= Cannabis in Georgia (U.S. state) =

Cannabis in Georgia is illegal for recreational use, but decriminalized in the cities of Atlanta, Savannah, Macon, Athens, and others. Limited medical use was legalized in 2015 through low THC cannabis oil, and later legislation expanded the medical cannabis program in the state. The first licensed dispensaries opened in 2023.

==Illicit trade==
In the 1970s and 1980s, a number of county sheriffs and deputies were prosecuted for their involvement in the drug trade, including Sheriff John David Davis, a former moonshiner who had been pardoned by President Nixon and was convicted in 1984 of smuggling cannabis into South Georgia. Davis' case parallels that of a number of other former moonshiners who segued into the cannabis trade.

===1983 paraquat spraying===
In 1983, amidst controversy, the Drug Enforcement Administration conducted aerial spraying of illegal cannabis plots in the Chattahoochee National Forest in northern Georgia, using the herbicide paraquat. Citizens and a congressman objected, noting paraquat's dangers, and a temporary restraining order was placed on further spraying.
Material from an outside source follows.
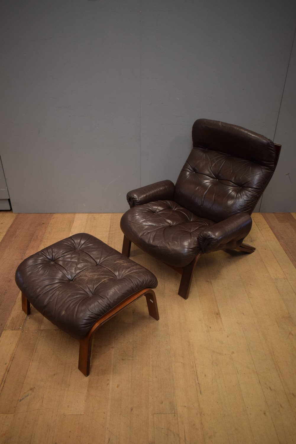 A 1960'S DANISH LEATHER CHAIR AND OTTOMAN (CHAIR 94H X 85W X 93D CM)

The federal Drug Abuse Policy Officer Pat McKelvey rebutted that paraquat is a safe and widely used herbicide, and alleged that the objections to the DEA spraying had been raised by cannabis growers and legalization advocates.

==Legal reforms==
===1980 medical cannabis legislation===
In February 1980, a 50-0 Senate vote and a 156-8 House vote passed Mona Taft's bill supporting legal medical marijuana in Georgia for people diagnosed with glaucoma and cancer patients undergoing chemotherapy and radiation. Members from both parties came together to support Taft, including then-state Sen. Paul Broun. According to a Feb. 14, 1980, Knight-Ridder wire report about the bill, Broun hugged Taft when the legislation passed the Senate. The bill's sponsor, Rep. Virlyn Smith, R-Fairburn, even told the widow that he'd recently given a constituent taking chemotherapy a recipe for marijuana-laced chocolate-chip cookies. Georgia's program had effectively ended without ever supplying a single patient with the medical marijuana promised. Subsequent Georgia governors had the authority to reappoint the board but never acted. As a result, the law has lingered on the books for the last 30 years.

===2015–2026 medical legalization===
A measure to allow medical cannabis oil up to 5% tetrahydrocannabinol (THC) passed the Georgia House in February 2015. On April 16, 2015, the low-THC cannabis oil (rich in cannabidiol, or CBD) was legalized for medical use in the state under HB 1, the Haleigh’s Hope Act. The bill was immediately enacted after being signed by Governor Nathan Deal. The bill allowed possession of the oil for eight qualifying medical conditions but did not provide for cultivation or distribution within the state. A May 2017 expansion under SB 16 added six more conditions. In 2018, HB 65 added intractable pain and posttraumatic stress disorder (PTSD). In April 2019 legislation was approved (House Bill 324) to allow in-state cultivation of cannabis and sale of the low-THC oil. In 2021, SB 195 was approved to allow the sale of cannabis tinctures, transdermal patches, lotions, and capsules, while still prohibiting edible products and flower. On April 28, 2023, the first licensed sales began with the opening of dispensaries in Marietta and Macon.

In 2026, the Georgia General Assembly passed Senate Bill 220, the Putting Georgia's Patients First Act, which would further expand the state's medical cannabis program. The bill would rename "low THC oil" in state law as medical cannabis, remove the existing 5% THC cap, expand the list of qualifying conditions, and allow some patients to use medical cannabis through vaporization. The bill was signed into law by governor Brian Kemp on May 12, 2026.

===Municipal level===
These ordinances did not legalize marijuana under Georgia state law, but they reduced penalties for possession in some cities and local governments. In October 2017, Atlanta City Council voted 15–0 to reduce the penalty for up to 1 oz of cannabis to a $75 fine. Savannah City Council followed in March 2018 by voting 8–1 to reduce the penalty to a $150 fine. Other jurisdictions that have decriminalized or otherwise acted to reduce penalties include: Clarkston (2016), South Fulton (2018), Forest Park (2018), Kingsland (2018), Statesboro (2018), Macon–Bibb County (2019), Augusta (2019), Chamblee (2019), Tybee Island (2021), Athens–Clarke County (2022), Stonecrest (2022), and East Point (2023).

=== Enforcement and social impact ===
Cannabis policy in the state of Georgia has been discussed in relation to racial disparities in enforcement. According to the American Civil Liberties Union of Georgia, Black people in Georgia were three times more likely than white people to be arrested for marijuana possession, despite similar usage rates nationally. The ACLU of Georgia also reported that Georgia had more than 52,000 marijuana arrests in 2018, most of them for possession.